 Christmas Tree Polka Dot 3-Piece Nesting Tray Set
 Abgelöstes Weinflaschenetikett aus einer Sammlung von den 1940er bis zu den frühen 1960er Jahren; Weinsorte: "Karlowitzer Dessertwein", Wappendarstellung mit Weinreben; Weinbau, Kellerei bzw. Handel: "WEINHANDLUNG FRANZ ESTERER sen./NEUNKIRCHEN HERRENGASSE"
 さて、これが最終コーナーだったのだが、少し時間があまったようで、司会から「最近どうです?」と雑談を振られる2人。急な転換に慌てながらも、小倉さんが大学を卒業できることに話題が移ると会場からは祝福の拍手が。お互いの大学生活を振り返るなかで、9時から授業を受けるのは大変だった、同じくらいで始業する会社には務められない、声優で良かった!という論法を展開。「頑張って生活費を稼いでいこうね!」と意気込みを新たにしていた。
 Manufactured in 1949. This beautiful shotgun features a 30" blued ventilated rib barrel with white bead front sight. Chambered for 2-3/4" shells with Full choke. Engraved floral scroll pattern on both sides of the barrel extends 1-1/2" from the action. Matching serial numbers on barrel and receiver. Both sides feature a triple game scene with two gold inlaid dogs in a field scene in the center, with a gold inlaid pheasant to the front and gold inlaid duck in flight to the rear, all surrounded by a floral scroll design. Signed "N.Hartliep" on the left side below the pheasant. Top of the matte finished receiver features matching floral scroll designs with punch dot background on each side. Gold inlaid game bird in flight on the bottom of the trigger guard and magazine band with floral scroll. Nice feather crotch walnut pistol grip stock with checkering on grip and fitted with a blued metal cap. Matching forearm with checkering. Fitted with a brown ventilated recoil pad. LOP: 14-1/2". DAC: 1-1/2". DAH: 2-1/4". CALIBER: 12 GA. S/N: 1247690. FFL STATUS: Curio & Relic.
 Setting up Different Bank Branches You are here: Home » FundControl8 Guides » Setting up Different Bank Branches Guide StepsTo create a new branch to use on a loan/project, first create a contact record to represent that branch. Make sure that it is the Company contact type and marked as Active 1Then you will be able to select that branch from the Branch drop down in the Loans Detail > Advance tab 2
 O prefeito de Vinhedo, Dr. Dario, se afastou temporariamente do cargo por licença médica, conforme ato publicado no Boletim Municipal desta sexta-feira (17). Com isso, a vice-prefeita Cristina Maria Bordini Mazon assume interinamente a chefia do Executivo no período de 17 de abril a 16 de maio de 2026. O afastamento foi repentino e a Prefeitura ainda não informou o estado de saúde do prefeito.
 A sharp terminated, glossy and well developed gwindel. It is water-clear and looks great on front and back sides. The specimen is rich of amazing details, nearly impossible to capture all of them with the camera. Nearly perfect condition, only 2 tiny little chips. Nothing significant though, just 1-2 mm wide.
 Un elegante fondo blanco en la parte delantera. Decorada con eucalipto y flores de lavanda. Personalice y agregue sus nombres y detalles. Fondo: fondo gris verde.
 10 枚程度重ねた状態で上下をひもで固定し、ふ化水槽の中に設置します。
• • • • •
▸ **Assigned task**:
Transcribe the lines from the first line of the records through the line that contains "Setting up Different Bank Branches You", both included, and add nothing else.

▸ **Answer box**:
 Christmas Tree Polka Dot 3-Piece Nesting Tray Set
 Abgelöstes Weinflaschenetikett aus einer Sammlung von den 1940er bis zu den frühen 1960er Jahren; Weinsorte: "Karlowitzer Dessertwein", Wappendarstellung mit Weinreben; Weinbau, Kellerei bzw. Handel: "WEINHANDLUNG FRANZ ESTERER sen./NEUNKIRCHEN HERRENGASSE"
 さて、これが最終コーナーだったのだが、少し時間があまったようで、司会から「最近どうです?」と雑談を振られる2人。急な転換に慌てながらも、小倉さんが大学を卒業できることに話題が移ると会場からは祝福の拍手が。お互いの大学生活を振り返るなかで、9時から授業を受けるのは大変だった、同じくらいで始業する会社には務められない、声優で良かった!という論法を展開。「頑張って生活費を稼いでいこうね!」と意気込みを新たにしていた。
 Manufactured in 1949. This beautiful shotgun features a 30" blued ventilated rib barrel with white bead front sight. Chambered for 2-3/4" shells with Full choke. Engraved floral scroll pattern on both sides of the barrel extends 1-1/2" from the action. Matching serial numbers on barrel and receiver. Both sides feature a triple game scene with two gold inlaid dogs in a field scene in the center, with a gold inlaid pheasant to the front and gold inlaid duck in flight to the rear, all surrounded by a floral scroll design. Signed "N.Hartliep" on the left side below the pheasant. Top of the matte finished receiver features matching floral scroll designs with punch dot background on each side. Gold inlaid game bird in flight on the bottom of the trigger guard and magazine band with floral scroll. Nice feather crotch walnut pistol grip stock with checkering on grip and fitted with a blued metal cap. Matching forearm with checkering. Fitted with a brown ventilated recoil pad. LOP: 14-1/2". DAC: 1-1/2". DAH: 2-1/4". CALIBER: 12 GA. S/N: 1247690. FFL STATUS: Curio & Relic.
 Setting up Different Bank Branches You are here: Home » FundControl8 Guides » Setting up Different Bank Branches Guide StepsTo create a new branch to use on a loan/project, first create a contact record to represent that branch. Make sure that it is the Company contact type and marked as Active 1Then you will be able to select that branch from the Branch drop down in the Loans Detail > Advance tab 2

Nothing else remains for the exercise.